Voici une des diapositives que j’utilise le plus souvent, que ce soit en coaching, en formation ou en consultante.


Les questions de Qualité de Vie au Travail et de bienveillance dans le management sont des sujets qui prennent chaque jour un peu plus de place dans les différentes publications. Un nouveau métier est même régulièrement mis en avant dans les médias, celui de « Chief Happiness Officer ». Dans ce cas, le bonheur au travail fait donc l’objet d’un poste à part entière, chargé de prendre soin, de porter de l’attention aux membres de l’équipe.


Cette attention est des plus louables, l’épanouissement d’une équipe est souvent un gage d’engagement, de durabilité, et, in fine de qualité du travail fourni.
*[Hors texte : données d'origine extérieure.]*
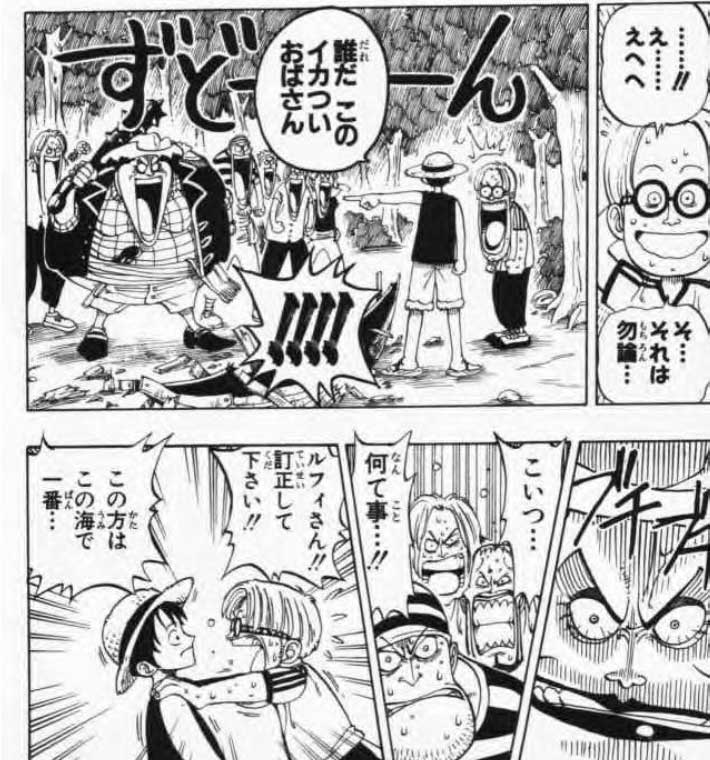 2.ルフィのセリフに対し、悲鳴を上げている人物の名前を答えなさい。
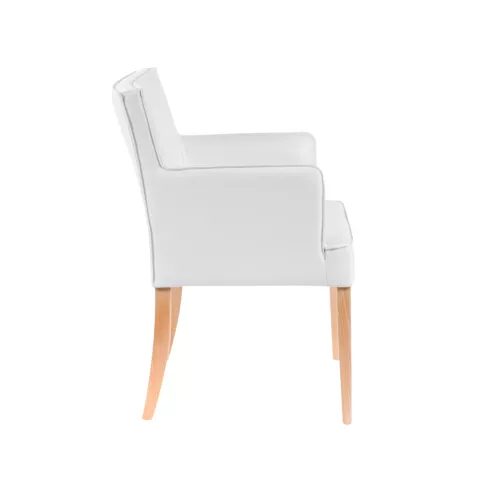 Klassischer Stuhl aus massivem Buchenholz – ideal für Restaurants, Cafés und gastronomische Einrichtungen. Das zeitlose Design passt sich sowohl traditionellen als auch modernen Innenräumen an. Auf Wunsch in verschiedenen Holzbeizungen und Polsteroptionen individuell anpassbar.
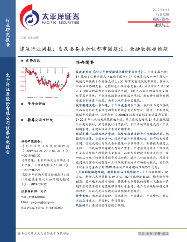 【太平洋证券】【20190414】建筑行业周报:发改委要求加快都市圈建设,金融数据超预期-13页 行业研究
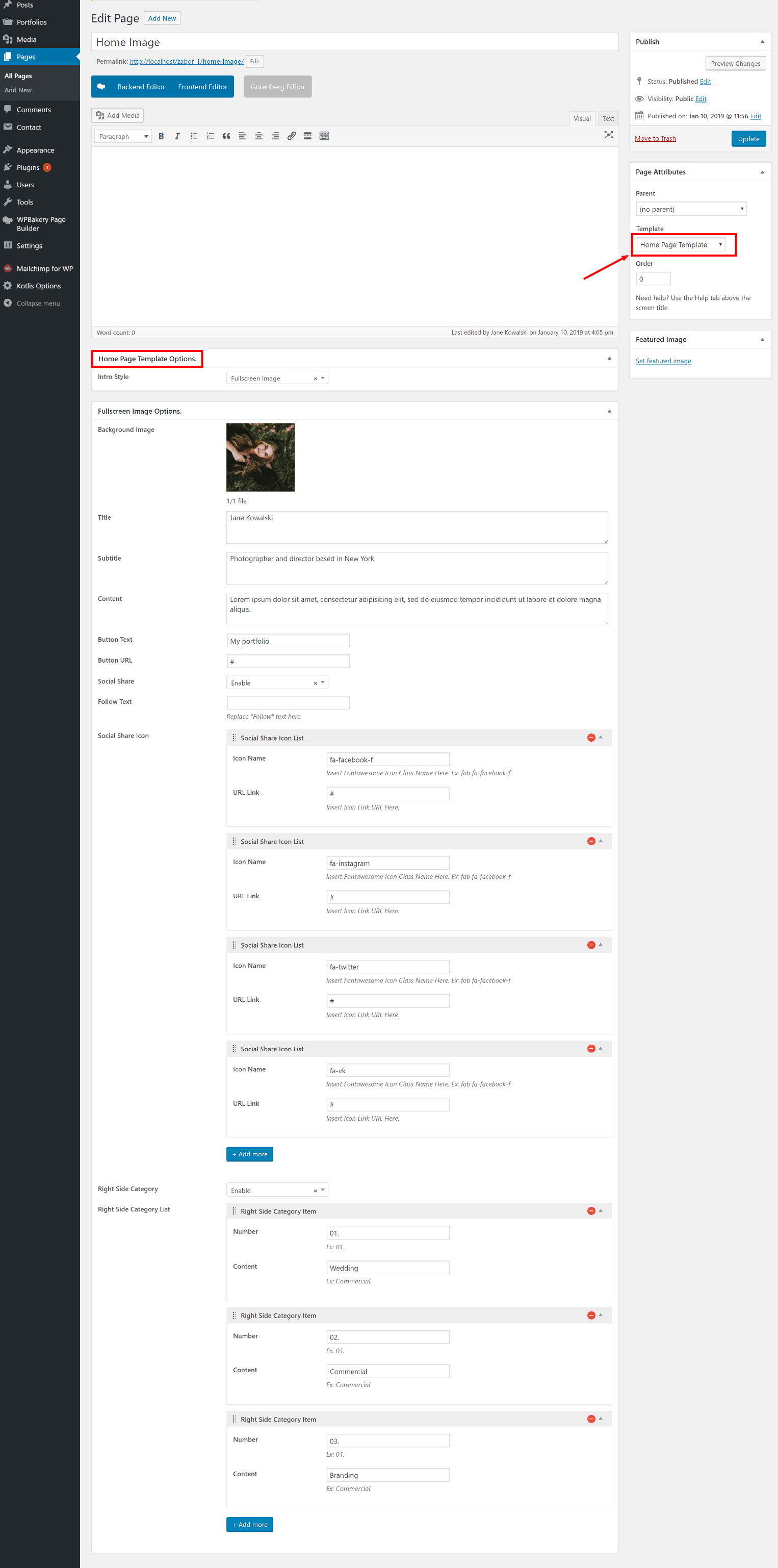 Select Frontpage Page
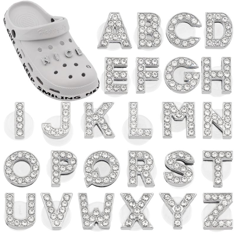 1 шт. Шармы для обуви Блестящие Стразы Буква Кристалл Алфавит Шарм для обуви Украшения Ювелирные изделия Слайдер Браслет Наручные повязки Аксессуар — купить товар онлайн с бесплатной доставкой по всему миру!
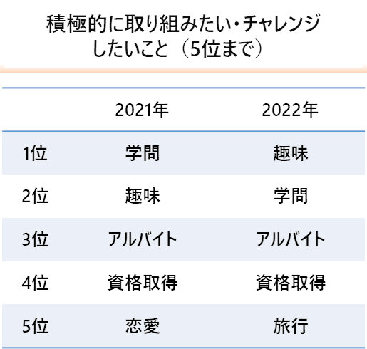 ●2022年に積極的に取り組みたいことは?今年は学問より趣味!1位「趣味」 2位「学問」 3位「アルバイト」

Un point cependant doit faire l’objet de toute vigilance. Ce nouveau métier de « CHO » est le signe d’un « bonheur au travail » qui devient un des multiples paramètres à prendre en compte. La possibilité de mesurer le bonheur en entreprise en mettant en perspective le budget consacré et l’évolution des résultats a de quoi laisser pensif.


Plus inquiétant, que ce soit par la création d’un poste dédié ou par le recours à des prestataires du domaines du « team building », l’épanouissement des équipes est un axe de travail comme un autre, de ceux qui pourraient être délégués.

Je suis très prudent face à ces démarches. Rentrer dans une telle logique ne créera pas une équipe si le cadre, les objectifs et les relations au sein de l’équipe ne sont pas claires et définies.


C’est pour cela que j’utilise aussi souvent cette diapositive. Pour revenir aux besoins fondamentaux, incontournables, ceux qui font qu’une équipe n’existera pas s’ils ne sont pas comblés. Je l’utilise en deux temps. Elle premier lieu, elle est un outil de compréhension des dynamiques relationnelles. Dans un second temps, elle devient une aide à la construction d’un projet d’entreprise/d’établissement et surtout à la définition de modes de managements adaptés.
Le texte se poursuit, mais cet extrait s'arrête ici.